3
votes

I have a UIViewController with a UIView subclass as a subview, and in here is a UITableView added as a subview of that UIView, as follows:

UIViewController
-UIView
--UITableView (plucked from a UITableViewController)

On an iPad, if I load the view controller in either orientation I can interact with the table view perfectly. However, if I rotate the device to a new orientation - I have code that alters the frames to make it fit the new resolution, but a small area of the table does not respond to touches and whatnot.

eg, we rotate portrait to landscape: if you imagine a portrait shape placed over a landscape screen - this area remains responsive, but a small strip to the right hand side does not respond.
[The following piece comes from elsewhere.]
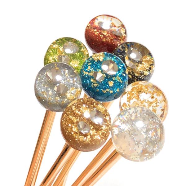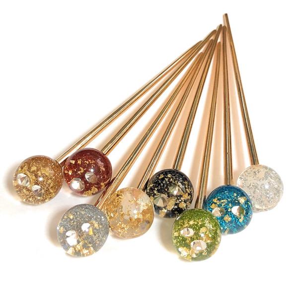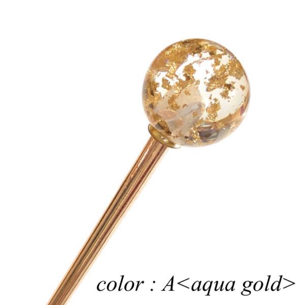 金ラメが浮かんだアクア玉かんざし上品なゴールドな1本挿しベース8種のカラーから選べる素材 : 亜鉛合金 アクリル樹脂 サイズ : 全長 148mm 玉サイズ 20mm

Does anyone have any ideas what I may have missed? Thanks in advance.

EDIT: I have successfully verified the CGRect frames of all objects from the tableview cells through to the top UIViewController.

1
Do you online resize the UITableView but not the parent UIView maybe?Johannes Fahrenkrug
I have successfully NSLogged all frame bounds of the tableview in question through to the top UIViewController, and they match up. The table view is pulled from a UIViewController originally but this other VC is released - might the tableview still be looking for it's original owner?Luke
Hmmm... not entirely impossible. Why would you rip it from one VC to add it to another anyway? Doesn't sound like the most elegant solution :)Johannes Fahrenkrug
Of course you are absolutely correct - I'm tinkering with some files from cocoacontrols for an RSS reader for a universal app - it works great apart from this orientation issue on the iPad.Luke

1 Answers

0
votes

The area that looses its interaction must have fallen outside its superview's frame after rotation.

you can check that by setting tableView.clipSubviews = YES;

using this, will crop the tableview portion falling outside the superview.